::: EXTRACTED RECORDS

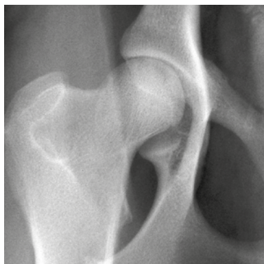
Frisk höftled, Grad A

Höftledsdysplasi (HD) är en felaktig utveckling av höftleden som förr eller senare ger upphov till förslitning av brosket i höftleden med benpålagringar som följd.
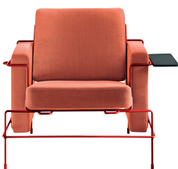
Frame: Signal Red 5019 Fabric: Orange F-088 (533) Tablet: Anthracite Grey

Les codes couleur Kvadrat sont indiqués entre parenthèses à côté du code couleur intérieur Magis. Les informations incluses dans cette fiche produit se basent sur les derniers données de notre tarif actuel. Magis se réserve le droit de modifier les produits sans préavis.
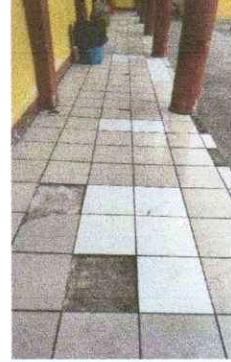
Sustitución de piso ceramico
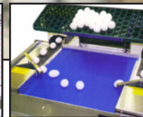
RECOLECCION DE HUEVOS

::::::

### [WHAT THIS TASK INVOLVES]
To answer, repeat exactly the lines from the line containing "Sustitución de piso ceramico" through the last line of the data above, leaving out all pictures.

### [REPLY]
Sustitución de piso ceramico
RECOLECCION DE HUEVOS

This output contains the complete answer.